Next, the module mounting portion 3 of the lower frame 35
The solar / heat hybrid module 5 is mounted so that the molding 17 is mounted on the module mounting portion 43 of the horizontal support lower frame 40 and 42, and the module mounting portion 37 of the vertical support lower frame 35 and the horizontal support Module mounting part 4 of lower frames 41 and 42
The solar cell module 6 and the cosmetic module 7 are mounted so that the moldings 30 and 32 are placed on the module 4. This allows
Each solar module having a different thickness can have the same surface height and can be integrally mounted.

At this time, the solar / heat hybrid module 5 and the solar cell module 6 are fitted into predetermined positions while connecting the modules. In particular, the solar / heat hybrid modules 5 must also connect the header tubes 23 of adjacent modules. For this purpose, both header tubes 23 are connected to each other by a rubber hose. Fix both ends of the hose with hose bands so that the liquid for heat collection does not leak. Then, the header pipe 23 and the heat storage tank 7 are connected by the inlet pipe 8 and the outlet pipe 9.

Then, as shown in FIG. 8, after the solar modules are inserted into the joints of the solar modules, the upper horizontal frame 46 is placed on a predetermined position from above, and the lower horizontal frames 40 to Screw on 42.
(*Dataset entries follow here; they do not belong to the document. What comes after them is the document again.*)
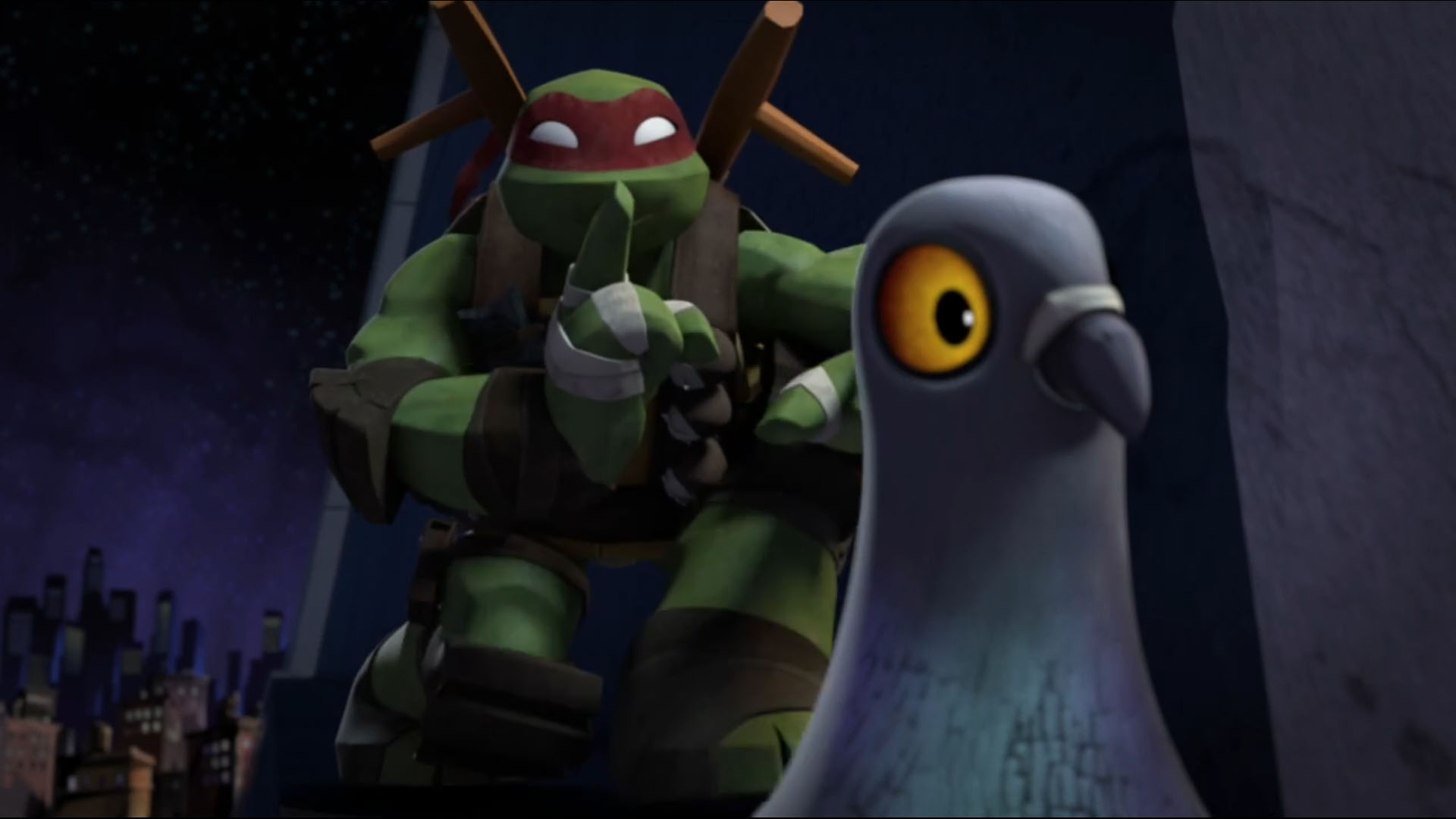 Les tortues avaient prévu un plan de distraction. Tandis que les kraangs avaient fort à faire à l’entrée de leur tour, les ninjas attaqueraient cette fois par les airs. Donatello avait bricolé des ailes volantes leur permettant d’atteindre le dernier étage de la tour. Raphael s’emparait d’un pigeon pour le placer dans les caméras des kraangs pour permettre à ses frères de passer sans être vus. Les ninjas évoluaient autour du toit du bâtiment jusqu’à atteindre deux gardes. Michelangelo les distrayait tandis que Donatello les dégageait dans le vide.
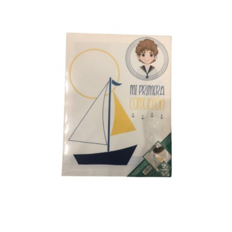 Lienzo "Mi Primera Comunión" con diseño de barco, incluye pintura de dedos y bolígrafos. Un recuerdo original y personalizado creado por los invitados.
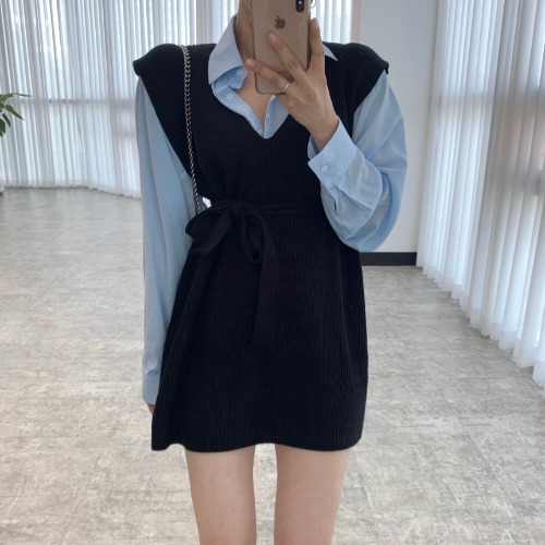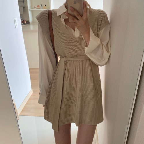 Style: Korean stylepattern: plainStyle: skirt suitTop style: shirtTop sleeve length: long sleeveSkirt length: short skirtPopular elements: stitchingCraft: Collage/Stitching
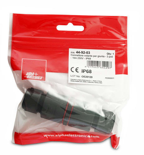 ALPHA ELETTRONICA SR - ALP44-92-03 CONNETTORE/GIUNTACAVO 3P IP68 CON LEVE

Lastly, the upper frame 47 is covered at a predetermined position from above, and is fixed to the lower frame 35 on the lower side with screws 48, thereby completing the mounting of each solar module. That is, each solar module is fixed by sandwiching the moldings 17, 30, 32 of each solar module from four sides with the upper and lower ridges 35, 40 to 42, 46, 47.

As described above, according to the first embodiment,
The solar / heat hybrid module 5 and the solar cell module 6 can be integrally mounted, and they can be mounted flush, so that a unified solar system can be constructed.

Further, since the solar / heat hybrid module 5 and the solar cell module 6 can be integrally mounted, workability can be improved.

FIG. 13 shows a modification of the first embodiment, in which a unit house is manufactured in advance at a factory, carried into a construction site, and attached to a roof of a building to form a roof surface. The solar module mounting structure 50 is integrally fixed to one roof panel 51 in advance. Even in this case, the same operation and effect as described above can be obtained. In addition, man-hours for construction at a building site of a house can be reduced by factory-production in advance.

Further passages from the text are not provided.